My lamented predecessor, in his proclamation of the 1st of January, 1863, ordered and declared that all persons held as slaves within certain States and parts of States therein designated, were, and thenceforward should be free; and further, that the Executive Government of the United States, including the military and naval authorities thereof, would recognize and maintain the freedom of such persons. This guaranty has been rendered especially obligatory and sacred by the amendment of the Constitution abolishing slavery throughout the United States. I, therefore, fully recognize the obligation to protect and defend that class of our people whenever and wherever it shall become necessary, and to the full extent, compatible with the Constitution of the United States. Entertaining these sentiments, it only remains for me to say that I will cheerfully co-operate with Congress in any measure that may be necessary for the preservation of civil rights of the freedmen, as well as those of all other classes of persons throughout the United States, by judicial process under equal and impartial laws, or conformably with the provisions of the Federal Constitution.

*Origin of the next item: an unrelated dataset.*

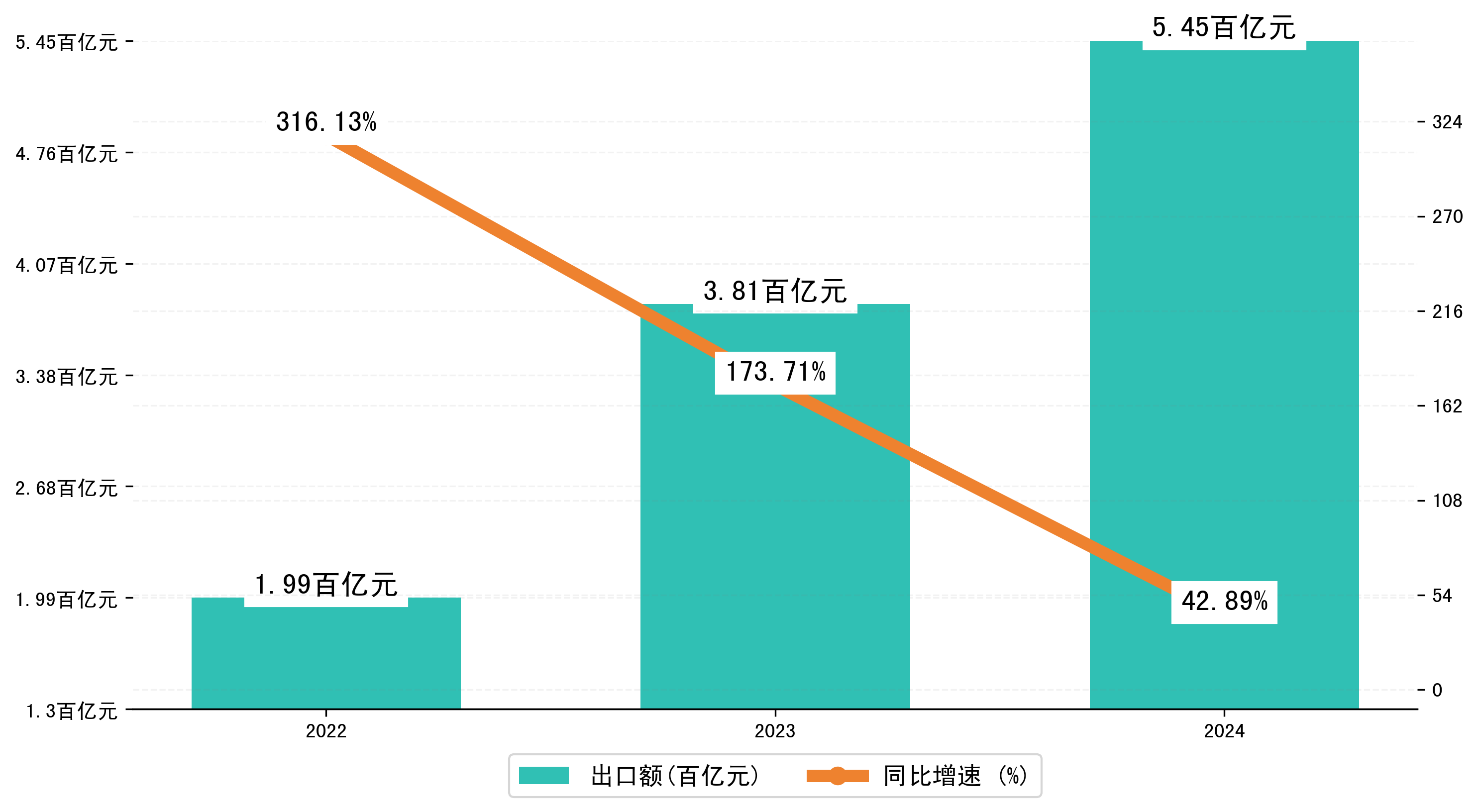 以人民币计,2024年2月新疆维吾尔自治区出口额为225,4361.2133万元,相比上月减少了94,2595.0385万元;相比上年同期增加了32,5418.1554万元,同比增加了52.10%。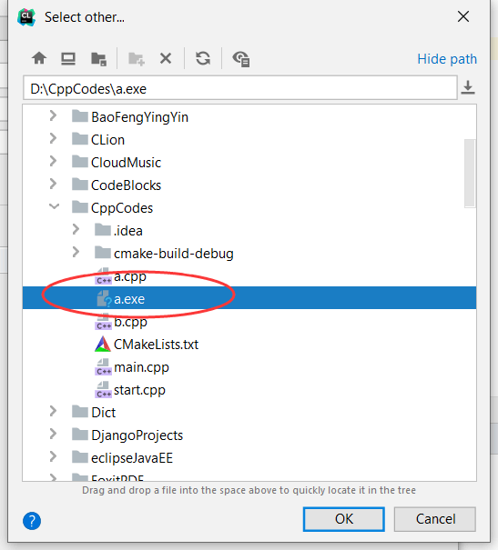 选择工程目录下,刚刚用上面方法生成的a.exe文件

I now return the bill to the Senate, and regret that in considering the bills and joint resolutions, forty-two in number, which have been thus far submitted for my approval, I am compelled to withhold my assent from a second measure that has received the sanction of both Houses of Congress.
Andrew Johnson
Washington, D.C., March 27, 1866.
The Senate on April 6th and the House on April 9th voted to override President Johnson’s veto. The Civil Rights Act of 1866, which you can read at PBS, became federal law.